In almost every case, these are not substantive disagreements; they are more likely drafting oversights. And it’s these oversights that cause recipients to pick up the pen. Once they do, it often leads to further revisions, extending the negotiation unnecessarily.
We also note that some sellers have introduced more aggressive clauses—such as requiring diligence or verification for third-party information or asking recipients to prove they had certain information before the NDA. These approaches are still a minority position and are consistently marked up by buyers.
Conclusion
The results are clear. Sellers who use TCN and align their forms with market standards—without sacrificing on substantive points—are getting their deals done faster and with less friction. Integreon’s role as a trusted voice in these negotiations has proven essential in helping guide seller counsel through market updates, ensuring forms are drafted in line with prevailing norms.
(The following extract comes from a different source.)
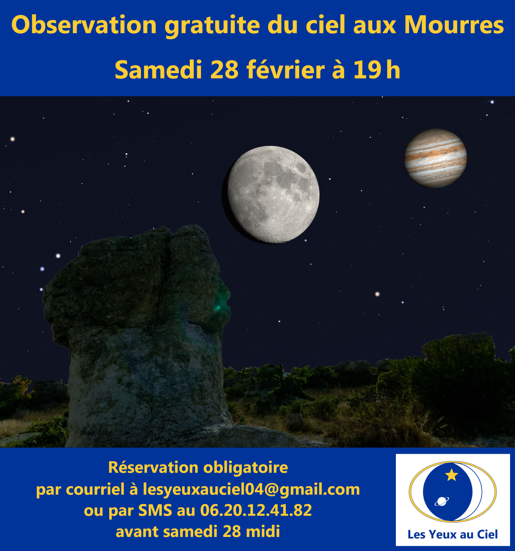 L’association Les Yeux au Ciel vous invite à observer aux instruments (jumelles, télescopes) la Lune et la planète Jupiter et à découvrir l’astrophoto avec divers instruments, notamment des télescopes numériques, sur le site des Mourres, à Forcalquier, le samedi 28 février à 19 h (gratuit). Bien noter que : • il est obligatoire de réserver avant la date limite du samedi 28 février à midi par courrier électronique à lesyeuxauciel04@gmail.com ou par SMS au 06.20.12.41.82 (Alain) ; • les véhicules doivent être garés sur le parking des Mourres et il faut rejoindre à pied le site d’observation, en haut des Mourres, en empruntant la piste qui contourne par la droite les rochers des Mourres ; • il faut prévoir des vêtements très chauds ; • la soirée d’observation peut être annulée en cas de mauvaises conditions météorologiques. Merci de cliquer sur le lien suivant pour prendre connaissance de toutes les consignes à respecter et du plan d’accès au site d’observation : https://drive.google.com/file/d/1ykQrBQji8yzj3rNSirW40WqimyGALb1q/view?usp=sharing Rendez-vous aux Mourres ce samedi 28 février à 19 h !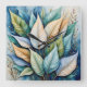 Horloge Carrée Bleu Vert or latte Feuille

So, Put Down the Pen—Let Data Guide Your Drafting and streamline your next M&A NDA negotiation. It’s time to draft smarter, negotiate where it matters, and close deals faster. It’s also time for you to try The Contract Network.
[1] In our Moneyball study, we found that more than 95% of the NDAs in our dataset required some level of negotiation. This makes NDAs on our platform 10x more likely to be signed without negotiation. For purposes of our estimates here, we charitably assume an industry average of 90% of all M&A NDAs require some form of negotiation, reducing our productivity gain to 5x.